这些具有极大社会危害性的行为绝不是一个主权国家能够解决的问题,这些犯罪现象在整个国际社会中却又必须要解决,所以国际社会在上述领域内必须协同一致,必须形成一个鲜明的共同态度。

这个共同意志形成的核心,也是特定行为入罪的关键——“大国一致”原则。

总的说,国际刑法实际上就是大国为主导的、全球大部分国家的共同一致的想法,这个共同一致的想法就是大国一致强行推行,其中必然存在妥协与强迫。

(三)国际强行法概念的建立、巩固、昌盛进一步推动了特定跨国、国际危害行为的入罪国际法中存在着软法和硬法的差别。

所谓软法,实际上就是无法改变的、法的最基本的准则,大家都自愿接受的规范,例如国际习惯法规则;所谓硬法,实际上就是国际法上的强行法。

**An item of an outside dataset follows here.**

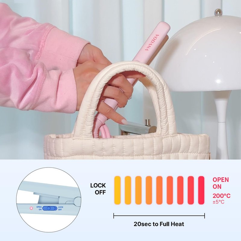 VODANA Pocket Mini Hair Straightening Iron in Pink Vanilla—your perfect travel companion for sleek, smooth hair anytime, anywhere. With ceramic coated plates, it minimizes hair damage and heats up in just 20 seconds. Compact and travel-friendly with Free Voltage compatibility, it fits easily in your bag. Enjoy tangle-free styling with the 360° swivel cord and secure storage with the heat-resistant pouch and lock function. Elevate your style on the go with Vodana!.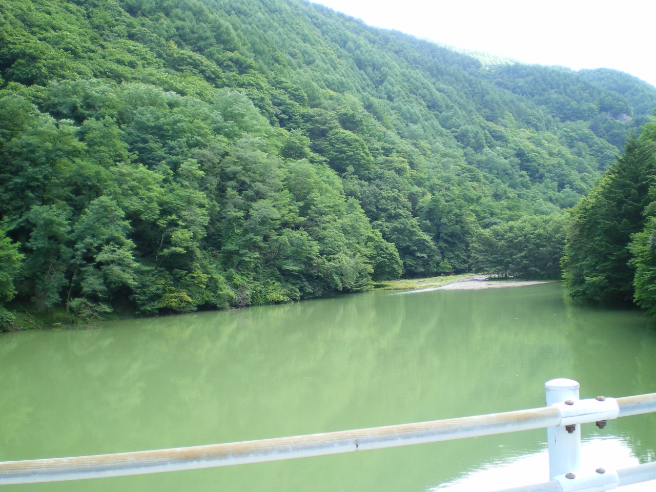 玄関を出て右手に山道を15分ほど進むと小さなダム湖に出ます。ダムの真ん中には橋が架かっていて、その橋の上からは松本の方向に遠くに山々が連なる風景を見ることが出来ます。宿からは山の斜面に遮られて遠景を望むことは出来ないので、ここまで少し足を伸ばすだけで「あぁ山に来たのだなぁ」と実感します。

笔者认为,其强制力的效力依据在于大国一致的藐视和强迫。

也就是说,大国通过藐视否定了一部分国家的主张,这才是国际强行法的本质。

《维也纳条约法公约》规定:“就本公约而言,国际法强行规则是指列国国际社会作为整体接收并承认为不得背离,且只能发生在后而具有同样性质的国际法规则予以更改的规则。